Cellulose nitrate membranes collected in each situation were analyzed to determine the environmental concentration of caffeine. After the collection period in each different scenario, the membranes were separately packed in plastic bags and sent to Central Analítica da Universidade Federal de Ciências da Saúde de Porto Alegre (UFCSPA). Immediately after arriving at the assessment site, the samples were placed in an amber flask containing 3 ml of water supplemented with 0.1% formic acid, protected from light and incubated at 4°C-8°C for 24 hours. Aliquots of the solutions were directly injected into a Liquid Chromatography system together with High-Resolution Mass Spectrometry (LC-HRMS). This system was integrated into a mass spectrometer composed of a hybrid system with quadrupole analyzer and TOF (Time of Flight, Bruker Daltonics, micrO-TOF-QIII model) series and in an orthogonal position for high resolution and mass accuracy. Data were processed using Data Analysis HyStar™ software. The analyses were carried out through Electrospray Ionization (ESI) and the parameters such as ionization method, temperature, gas flow, collision energy and capillary energy were tested and optimized. Elution was made on a Shim-pack XR-ODS II chromatography column (75 × 2 mm, particle size 2.2 µm, Shimadzu^®, Tokyo, Japan) with a water and methanol gradient supplemented with 0.1% formic acid, 0.4 ml/min flow, and temperature of 50°C. The total assessment time was on average 4 minutes.

Statistical analysis

The sample size was calculated using the WINPEPI program (Abramson JH, WINPEPI updated: Computer programs for epidemiologists, and their teaching potential: Epidemiologic Perspectives and Innovations 2011) considering a 5% significance level and 90% power.

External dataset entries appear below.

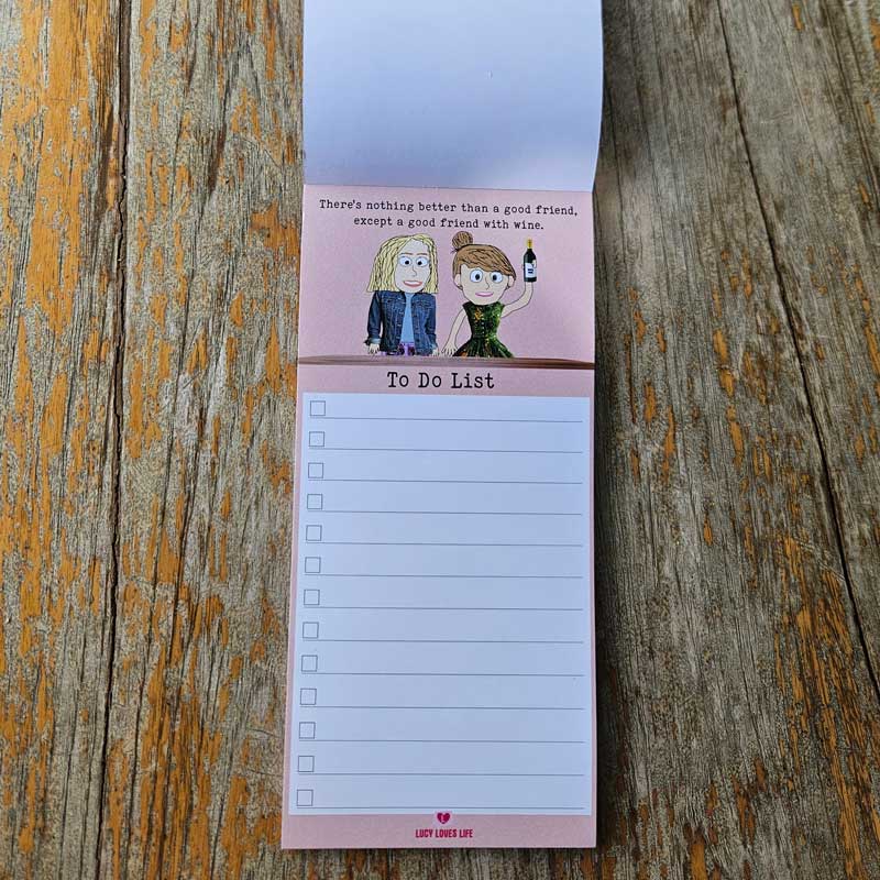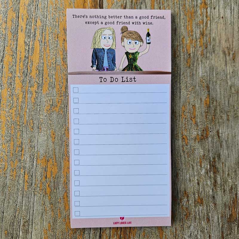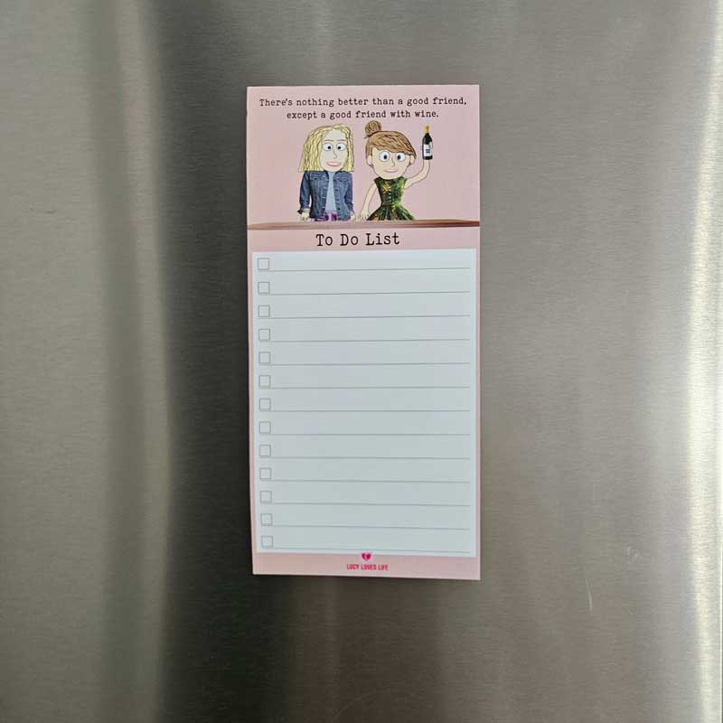 Lucy Loves Life Magnetic Notepad Jotter - Good Friends Bring Wine
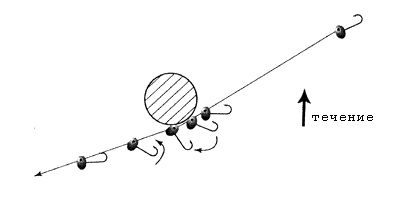 5. Важную роль играет незацепляемость приманки. Те модели, у которых при падении на дно крючок остается в вертикальном положении (“регби”, “раскачивающая”, “ложка”, “сапожок”, “подкова”, “Ванька-встанька” и др.), зацепляются гораздо реже остальных, особенно при ступенчатой донной проводке. Варианты, имеющие прогонистую (удлиненную) форму с колечком в носовой части (“лыжа”, “банан”, “ложка”), проще перескакивают различные препятствия. Чем больше боковые крылья у головки (“регби”, “подкова”), тем меньше вероятность бокового зацепа, особенно на течении (рис. 12). Некоторые модели имеют специальные предохранители от зацепов, о которых будет рассказано далее в отдельной главе.
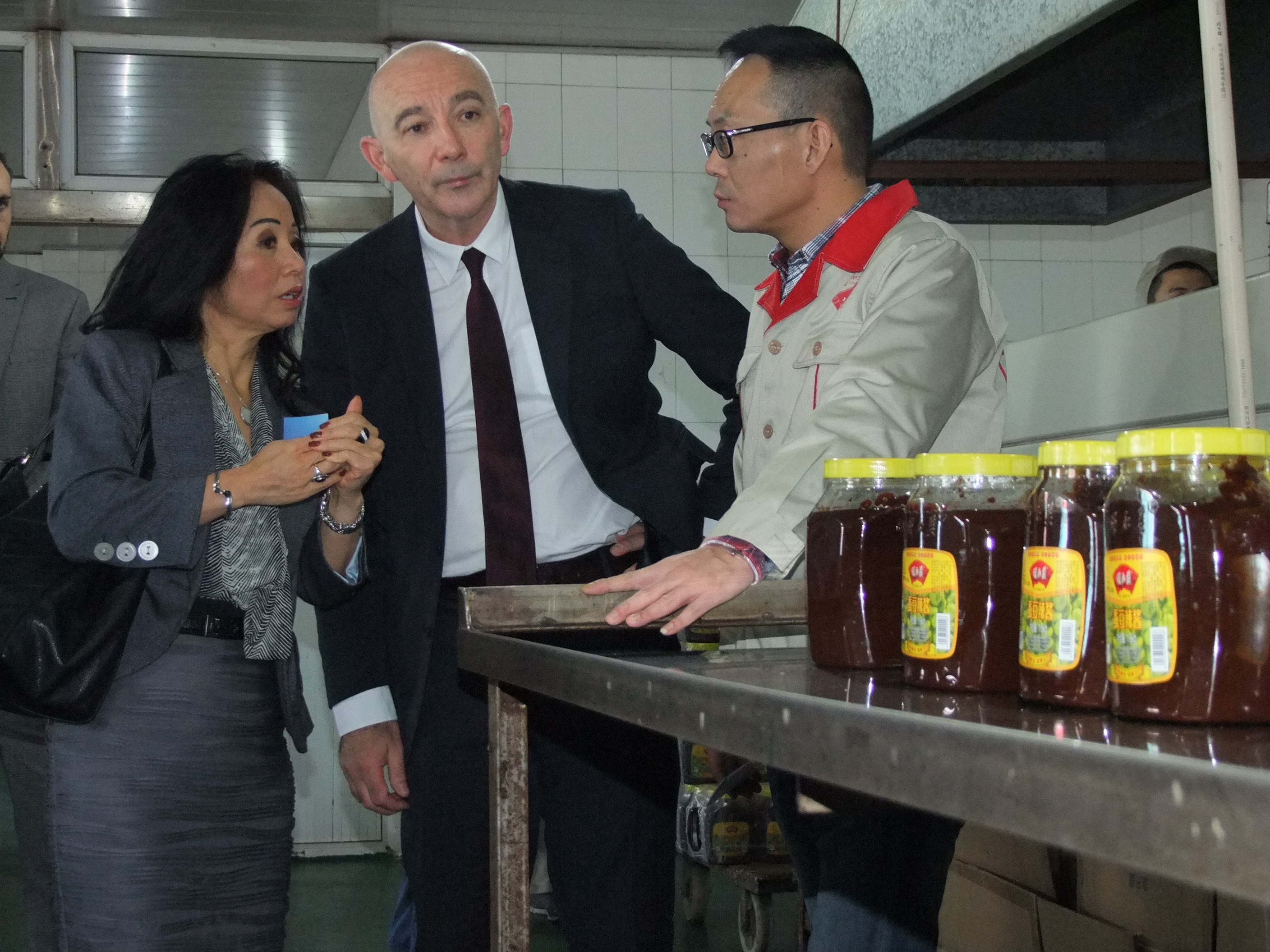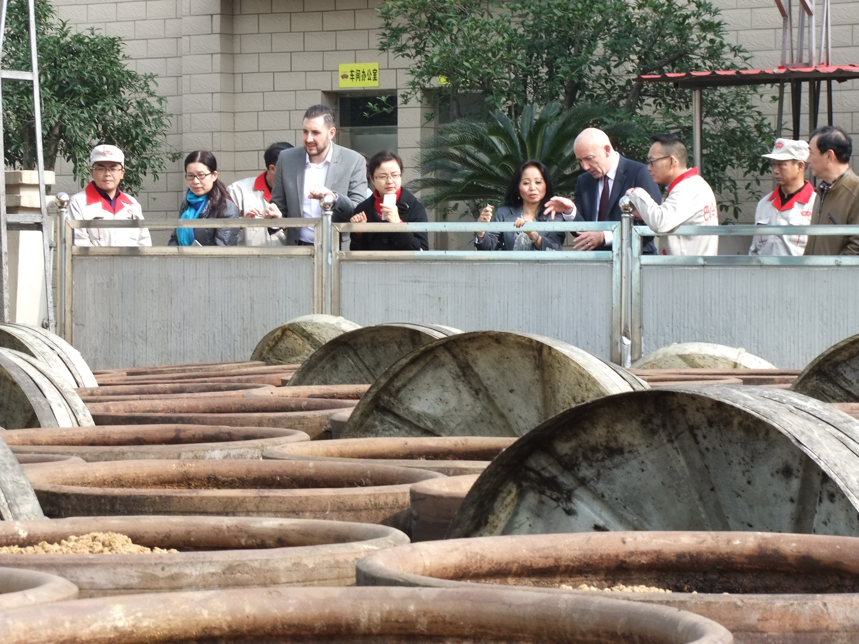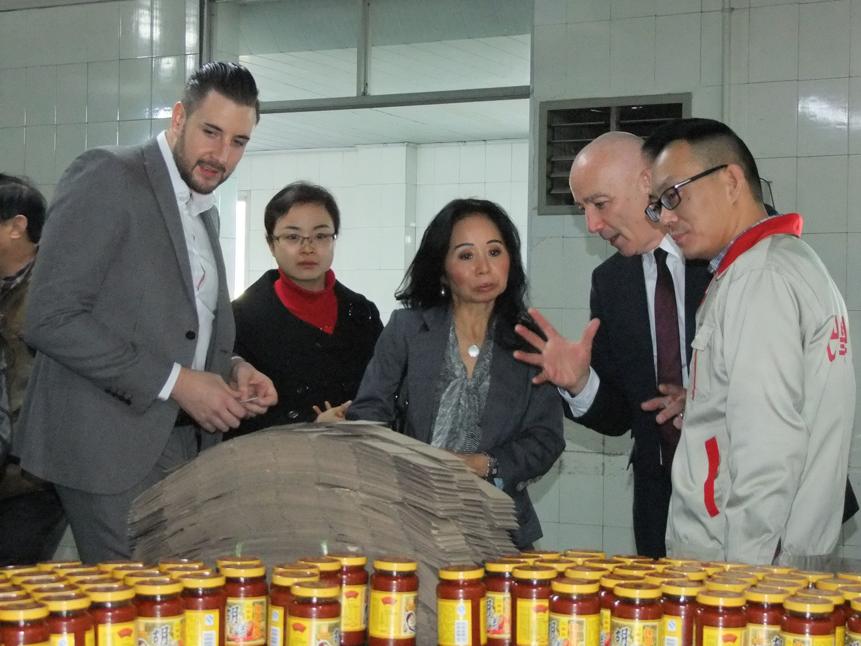 外商訪問團一行先后參觀了公司廠區(qū)、生產(chǎn)車間、大曬場等,顏志勇向訪問團一行介紹了我公司“拳頭”產(chǎn)品之一的蠶豆辣醬180天日曬夜露的傳統(tǒng)精華工藝。外商對胡玉美品牌至今186年的歷史產(chǎn)生濃厚興趣并贊嘆不已,每到之處在細心參觀后,也都會駐足詳細詢問,認真聆聽,不時豎起大拇指表示贊揚。

The first 10 aerosolizations were used to validate the experimental design and optimize the analytical methodology, define better packaging, train the research team, and choose the best-proposed scenario. After the tenth aerosolization, 21 consecutive aerosolizations were considered for analysis. The variable distribution was assessed by the Kolmogorov-Smirnov test. Concentration differences in the intervals of 0 to 2 minutes, 2 to 5 minutes, 5 to 15 minutes, and 15 to 30 minutes were calculated, and this difference was divided by 2, 3, 10 and 15 minutes to determine the variation per minute. The variations per minute were described by the median and the 25%-75% interquartile range and compared using the Friedman test between the intervals. A 5% significance level was considered.

Results

The 930 samples obtained in 31 rounds of aerosolization with 5 different exposure times and 6 different sites in the operating room were analyzed. The median of the concentration of each site in different time analysis was presented by the median of the contamination values. The differences in the intervals were calculated and corrected for the exposure time interval and its interquartile range from 25% to 75% is due to the large variability of the assessment. Comparing the changes in concentration per minute between the different time intervals, there were statistically significant differences between the 0-2 minutes interval and the 15-30 interval (P<0.001); and between the 2-5 minutes interval and the 5-15 minutes interval (P=0.014) and 15-30 (P<0.001) (Table 2).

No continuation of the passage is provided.